--- Information supplied ---
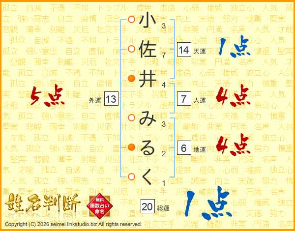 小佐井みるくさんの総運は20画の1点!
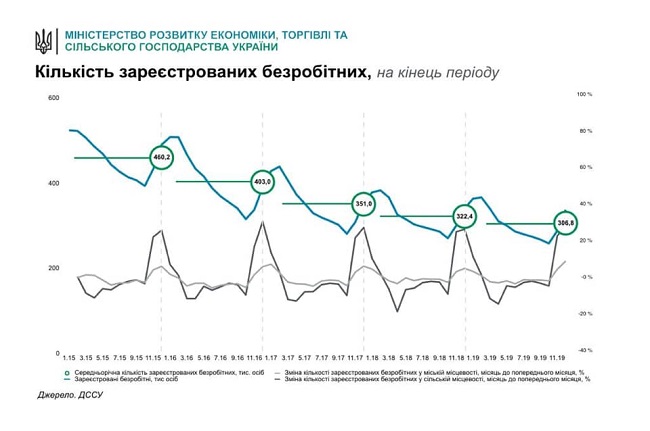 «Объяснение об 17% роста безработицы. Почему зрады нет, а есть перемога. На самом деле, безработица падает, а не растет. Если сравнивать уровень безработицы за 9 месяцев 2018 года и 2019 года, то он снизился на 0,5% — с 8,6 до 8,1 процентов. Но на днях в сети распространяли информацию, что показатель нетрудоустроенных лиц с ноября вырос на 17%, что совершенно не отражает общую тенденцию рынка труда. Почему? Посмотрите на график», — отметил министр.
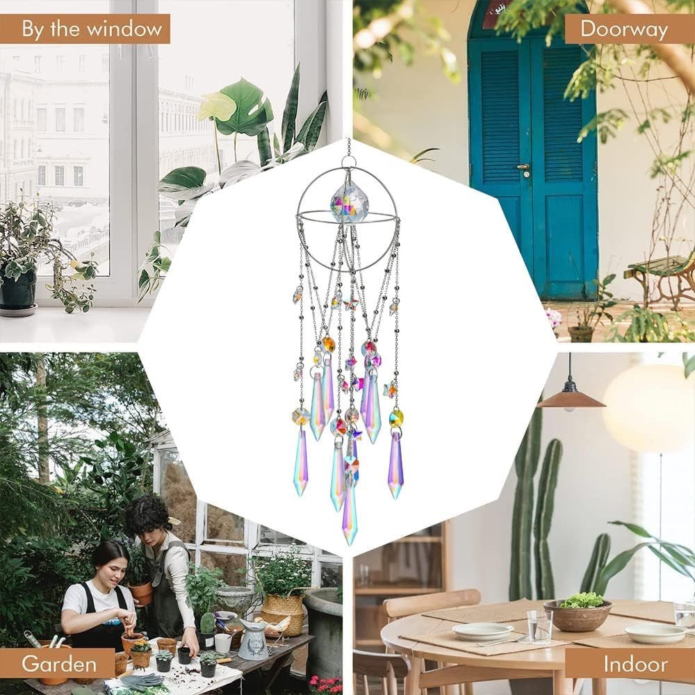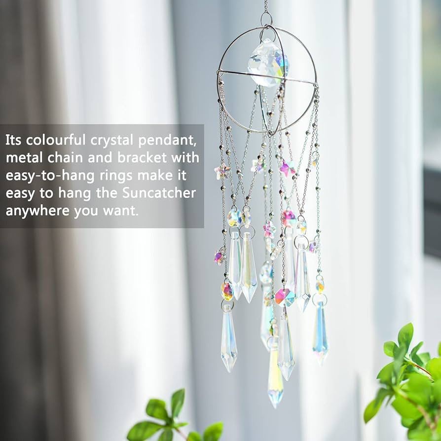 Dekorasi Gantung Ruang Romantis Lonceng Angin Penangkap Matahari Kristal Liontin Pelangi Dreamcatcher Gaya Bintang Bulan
---
**Your goal**
Set down the material once more, exactly, with the pictures omitted.

**Response**
 小佐井みるくさんの総運は20画の1点!
 «Объяснение об 17% роста безработицы. Почему зрады нет, а есть перемога. На самом деле, безработица падает, а не растет. Если сравнивать уровень безработицы за 9 месяцев 2018 года и 2019 года, то он снизился на 0,5% — с 8,6 до 8,1 процентов. Но на днях в сети распространяли информацию, что показатель нетрудоустроенных лиц с ноября вырос на 17%, что совершенно не отражает общую тенденцию рынка труда. Почему? Посмотрите на график», — отметил министр.
 Dekorasi Gantung Ruang Romantis Lonceng Angin Penangkap Matahari Kristal Liontin Pelangi Dreamcatcher Gaya Bintang Bulan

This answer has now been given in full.